--- DATASET ---

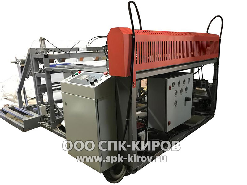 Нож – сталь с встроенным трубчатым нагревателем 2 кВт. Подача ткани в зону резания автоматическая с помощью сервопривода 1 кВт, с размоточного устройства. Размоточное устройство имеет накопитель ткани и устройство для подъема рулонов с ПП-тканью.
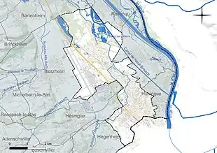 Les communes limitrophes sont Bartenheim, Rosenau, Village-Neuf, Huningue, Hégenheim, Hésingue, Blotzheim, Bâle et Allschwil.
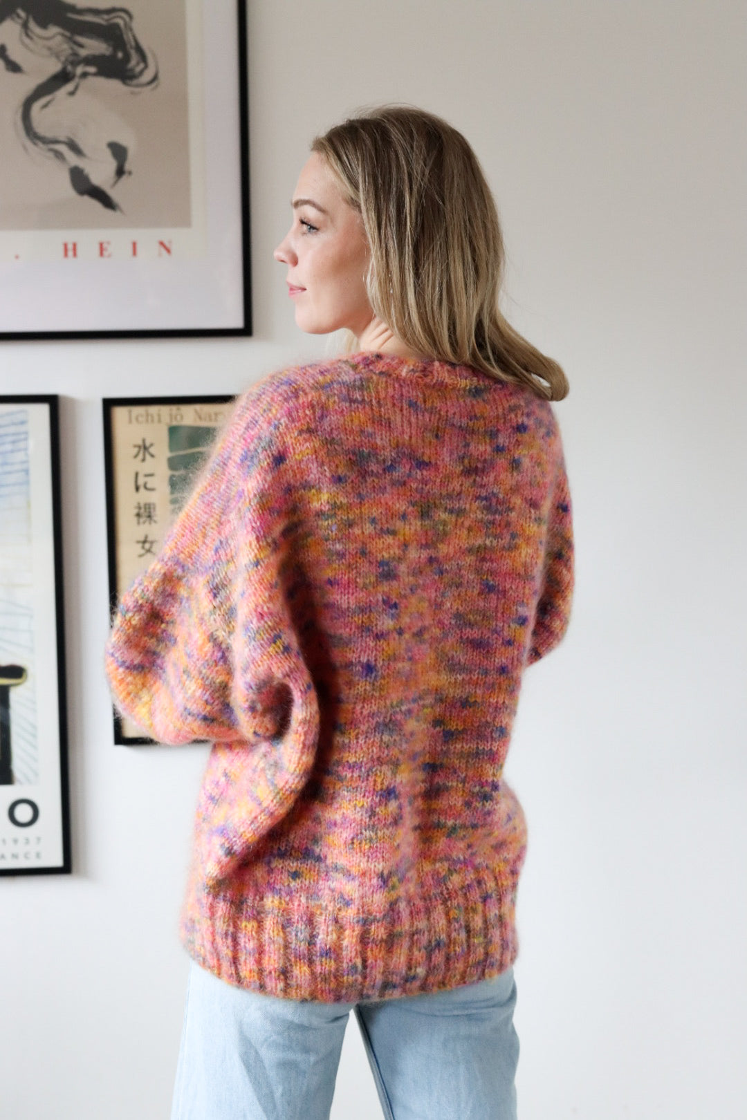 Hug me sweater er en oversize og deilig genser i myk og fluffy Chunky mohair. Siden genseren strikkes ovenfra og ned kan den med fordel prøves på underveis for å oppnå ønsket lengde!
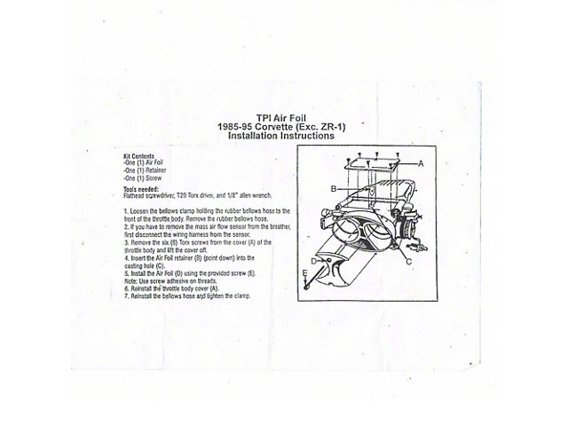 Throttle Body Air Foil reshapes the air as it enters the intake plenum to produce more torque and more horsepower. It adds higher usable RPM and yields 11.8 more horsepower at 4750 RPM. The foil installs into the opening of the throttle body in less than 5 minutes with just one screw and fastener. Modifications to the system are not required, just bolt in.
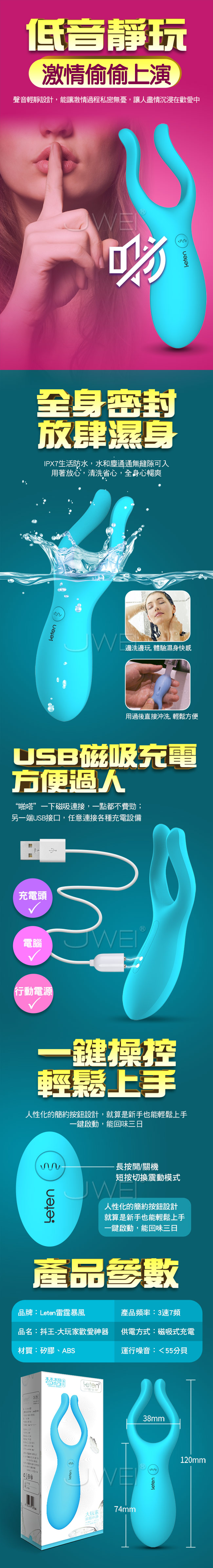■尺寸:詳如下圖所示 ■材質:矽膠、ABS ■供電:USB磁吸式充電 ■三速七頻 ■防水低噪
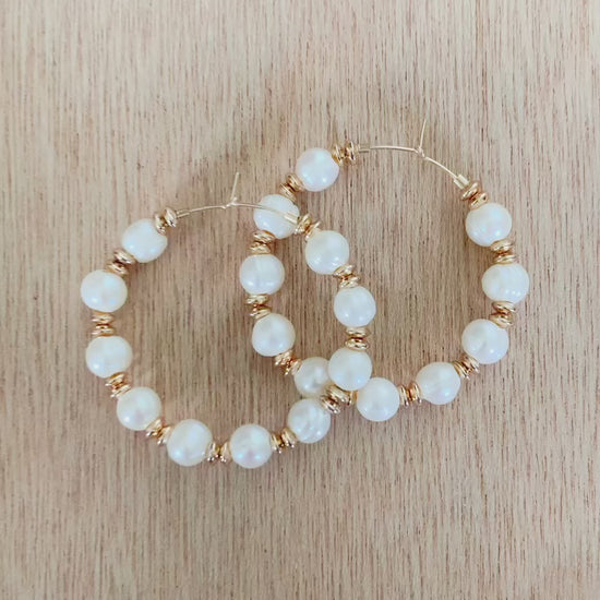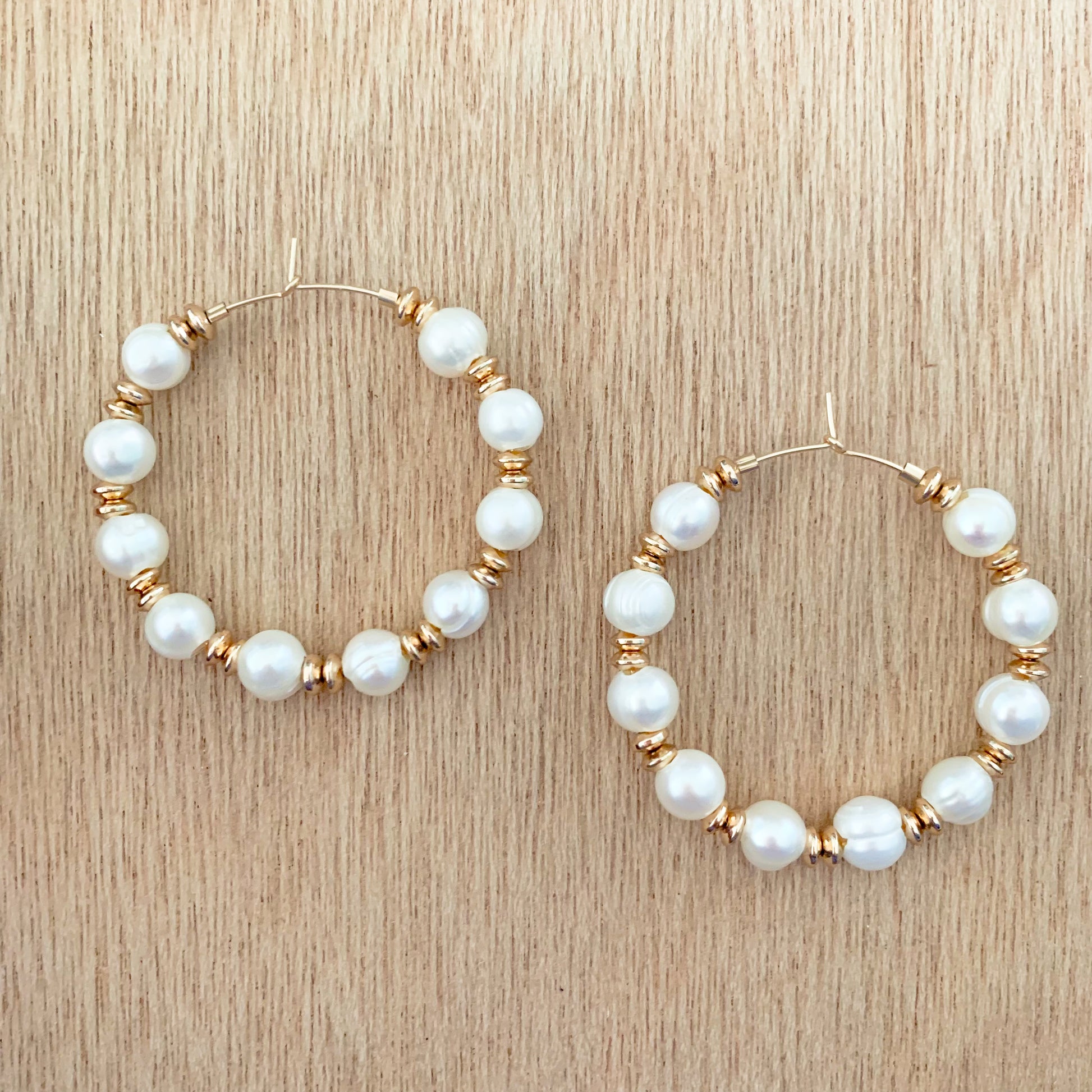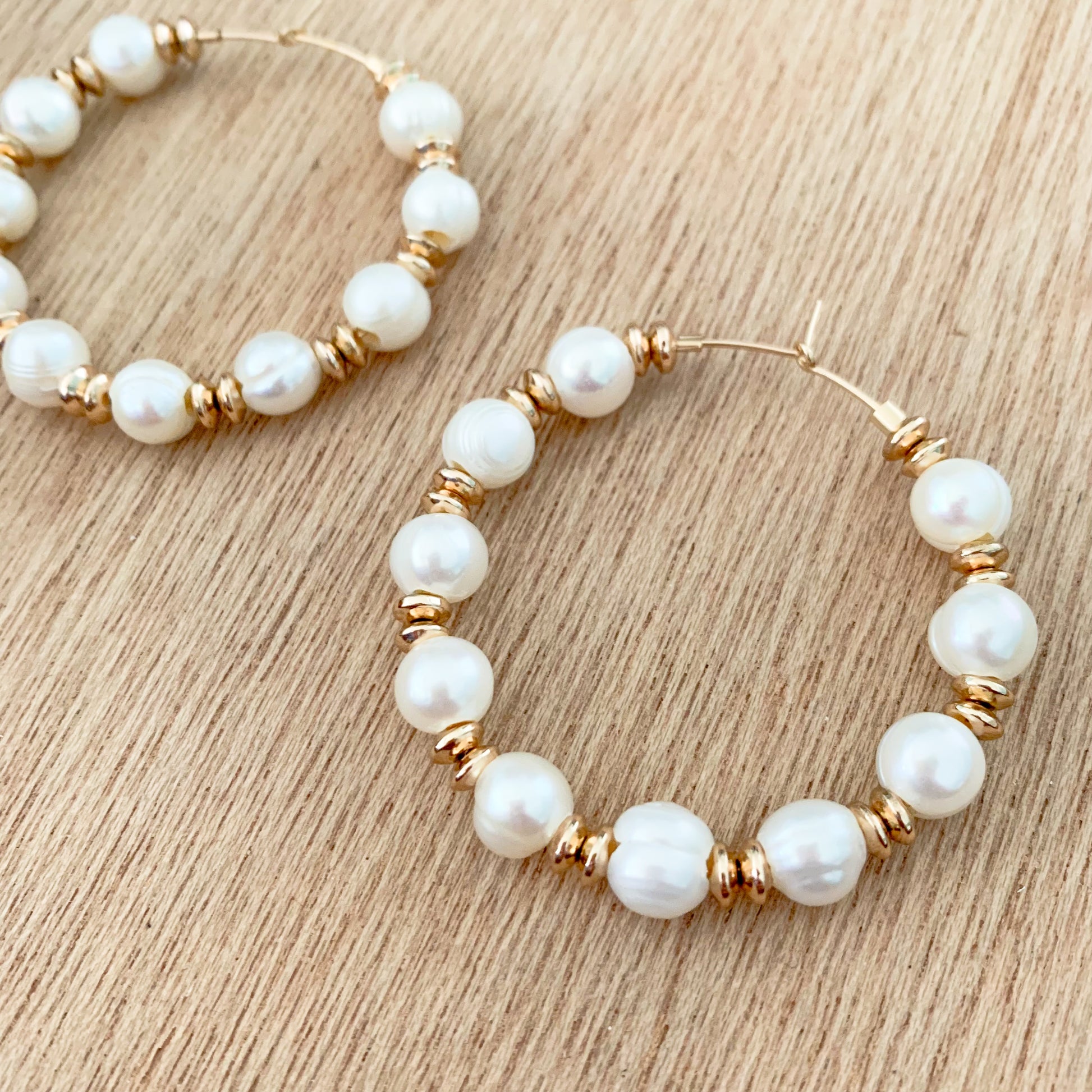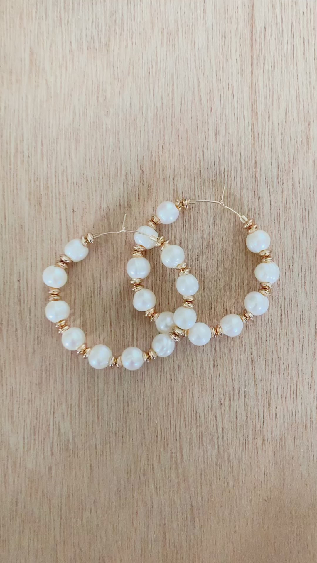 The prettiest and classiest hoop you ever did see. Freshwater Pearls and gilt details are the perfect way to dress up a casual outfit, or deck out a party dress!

---

__EXERCISE__
All preceding records should be duplicated verbatim, images excepted.

__SOLUTION__
 Нож – сталь с встроенным трубчатым нагревателем 2 кВт. Подача ткани в зону резания автоматическая с помощью сервопривода 1 кВт, с размоточного устройства. Размоточное устройство имеет накопитель ткани и устройство для подъема рулонов с ПП-тканью.
 Les communes limitrophes sont Bartenheim, Rosenau, Village-Neuf, Huningue, Hégenheim, Hésingue, Blotzheim, Bâle et Allschwil.
 Hug me sweater er en oversize og deilig genser i myk og fluffy Chunky mohair. Siden genseren strikkes ovenfra og ned kan den med fordel prøves på underveis for å oppnå ønsket lengde!
 Throttle Body Air Foil reshapes the air as it enters the intake plenum to produce more torque and more horsepower. It adds higher usable RPM and yields 11.8 more horsepower at 4750 RPM. The foil installs into the opening of the throttle body in less than 5 minutes with just one screw and fastener. Modifications to the system are not required, just bolt in.
■尺寸:詳如下圖所示 ■材質:矽膠、ABS ■供電:USB磁吸式充電 ■三速七頻 ■防水低噪
 The prettiest and classiest hoop you ever did see. Freshwater Pearls and gilt details are the perfect way to dress up a casual outfit, or deck out a party dress!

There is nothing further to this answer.